As Johor moves toward its 16th state election this Saturday, political analysts and academics are sounding a cautionary note about the tone and substance of campaigning, advocating for a mature approach centred on governance and policy delivery rather than partisan attacks. With 172 candidates competing for 56 state seats, the coming days will test whether Johor's political culture can maintain its traditional emphasis on civility while allowing genuine democratic competition to flourish.
Prof Datuk Dr Awang Azman Awang Pawi, a sociopolitical analyst at Universiti Malaya and fellow of the Malaysia National Civics Academy, argues that the state election represents an important opportunity for parties to demonstrate their vision through substantive debate. Rather than engaging in broad-brush denunciations of opponents, he contends that campaigns should centre on tangible issues affecting voters' daily lives and on the competing economic and social blueprints that each party can offer. This approach, he suggests, allows democratic competition to function as intended—enabling voters to make informed choices based on demonstrated competence and forward-looking proposals.

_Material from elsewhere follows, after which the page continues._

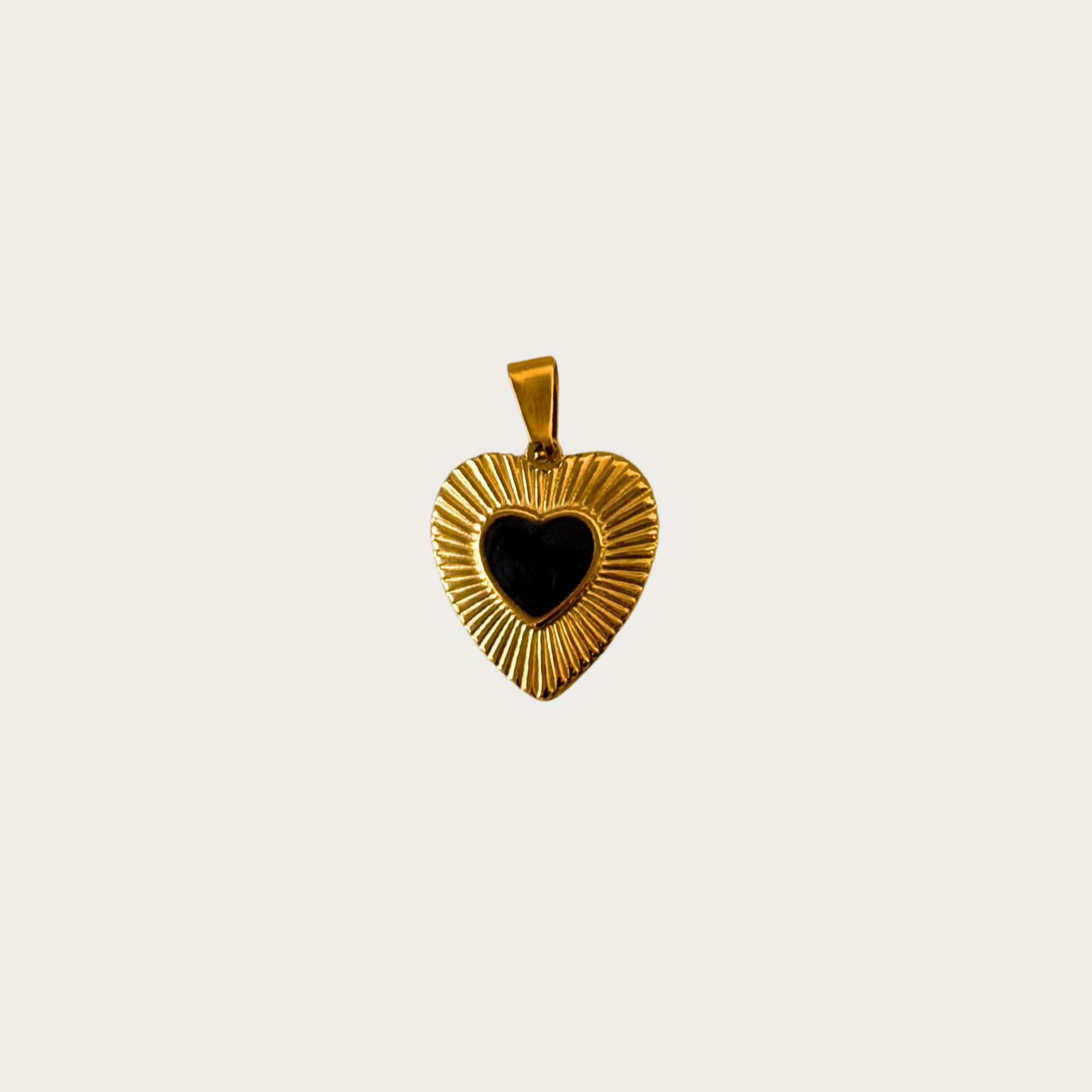 Measuring 26mm x 23mm, the charm features a beautifully textured, sunburst-style heart frame with a glossy resin heart at its centre. The contrast creates a rich, luxurious finish—eye-catching yet still effortlessly wearable.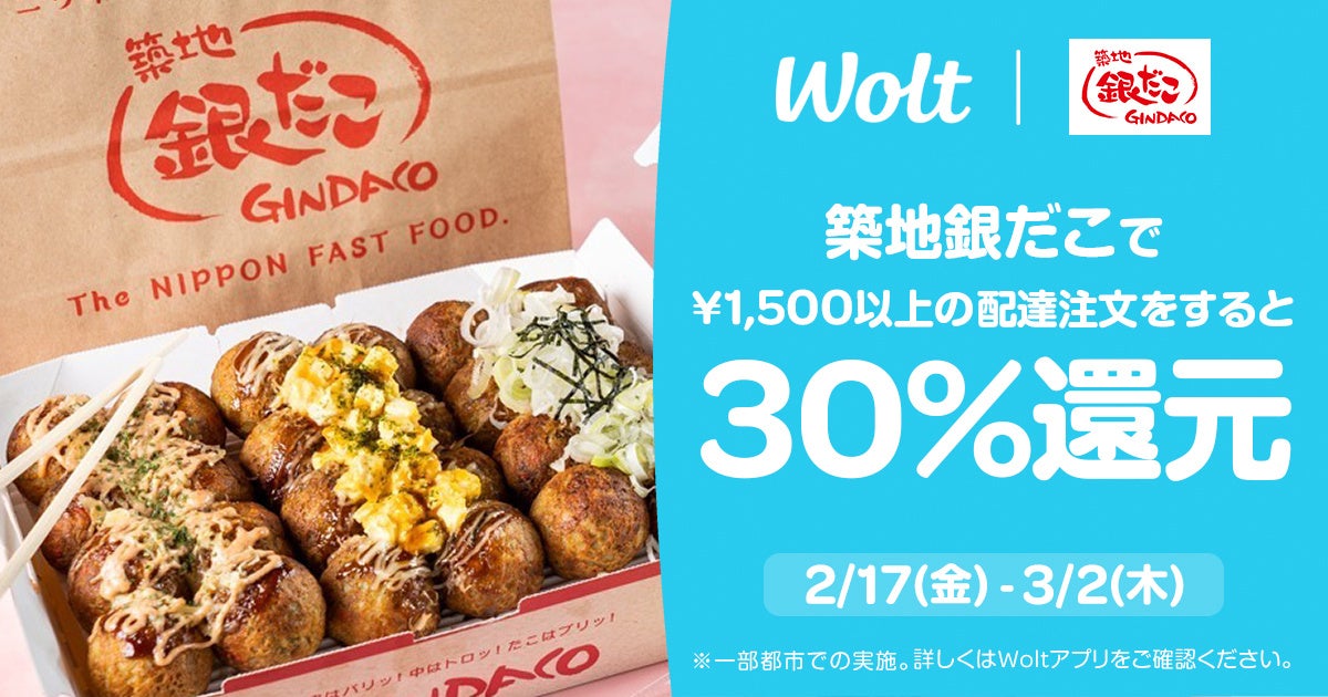 この度、「築地銀だこ」 ・ 「銀だこ酒場」 などで 「Wolt」 の加盟・サービス導入が100店舗を超えたことを記念し、2月17日(金)~3月2日(木)までの14日間、Woltアプリ内から1,500円以上の配達注文で 『30%分のWolt割引クレジット還元!キャンペーン』 を実施いたします。※詳細はキャンペーン概要をご確認ください

The core tension Awang Azman identifies reflects a broader challenge in Malaysian politics: how to maintain robust electoral competition at the state level while preserving the cross-party relationships necessary for governing at the federal centre. He emphasises that overly aggressive campaigns that demonise coalition partners in Putrajaya or rely on narrow state sentiment risk not merely confusing voters but also poisoning the well for post-election cooperation. This concern is not abstract; in Malaysia's complex political landscape, where coalition governments require cooperation across multiple parties, the relationships formed during elections directly affect whether governments can function effectively afterwards.
Acknowledging the legitimacy of political competition, Awang Azman outlines what he sees as constructive boundary-setting. Parties should vigorously contrast their records on economic development, investment attraction, urban and rural engagement, and their ability to address cost-of-living pressures, employment challenges, and housing shortages. However, they should scrupulously avoid personal attacks and avoid framing competition in terms of race, religion, or the fundamental legitimacy of political opponents. This distinction—between attacking policies and attacking people—defines the difference between healthy democratic debate and corrosive hostility.
An equally instructive angle is Awang Azman's observation that Johor specifically warrants policy discussions tailored to its regional position and development priorities. The state's border economy, the anticipated Johor-Singapore Special Economic Zone (JS-SEZ), the Rapid Transit System (RTS) Link connecting to Singapore, technical education and skills training, affordable housing crises, and urban congestion represent substantive arenas where competing parties can articulate competing visions. This focus on place-specific governance challenges offers voters a clearer lens through which to assess candidates and programmes.
Political analyst Dr Norman Sapar echoes these themes, framing political maturity not as the loudness of attacks but as the capacity to manage disagreement without jeopardising national interests. His observation carries particular weight in the Malaysian context, where coalition governments routinely require competing parties to govern together after elections. He cautions that campaigns should not become vehicles for questioning federal-level cooperation or manufacturing controversies designed primarily to score points at the state level while damaging relationships at the national level.
Norman's assessment of the Johor campaign to date is cautiously optimistic. He notes that, while candidates and parties have naturally sought credit for achievements and raised genuine policy differences, the tone has remained within bounds of controlled competition. Johor leaders, he observes, have tended toward subtle criticism rather than open confrontation—a pattern he characterises as reflecting the state's underlying political culture of courtesy and decorum. This restraint, if maintained, could model an approach that other states and the nation might emulate.
The emphasis both analysts place on voter sophistication is particularly noteworthy. Rather than assuming that electorates are prone to being swayed by the most inflammatory rhetoric, both Awang Azman and Norman argue that contemporary Malaysian voters increasingly distinguish between state-level competition and the imperative of federal stability. This maturity on the voters' part creates space for parties to campaign vigorously without assuming that such competition automatically translates into damaged national governance. Parties that offer concrete solutions and demonstrate administrative competence tend to resonate more strongly than those relying primarily on opponent-bashing.
The implications of this advice extend beyond Johor. As Malaysia approaches other state and federal elections, the question of how to balance democratic competition with political civility grows more urgent. The country has experienced periods of intense partisan polarisation that arguably weakened governance capacity and public trust in institutions. A model in which Johor parties demonstrate that robust electoral competition is compatible with respect for opponents and attention to policy substance could offer a template for Malaysian politics more broadly.
For voters in Johor, the analysts' counsel amounts to a suggestion that they reward campaigns focused on ideas, records, and solutions while being wary of those that devolve into personality clashes or appeals to narrow sectional sentiment. This approach elevates the quality of democratic deliberation while respecting the institution of coalition government that characterises Malaysia's political system. The election itself will reveal whether Johor's political culture and electorate live up to these ideals.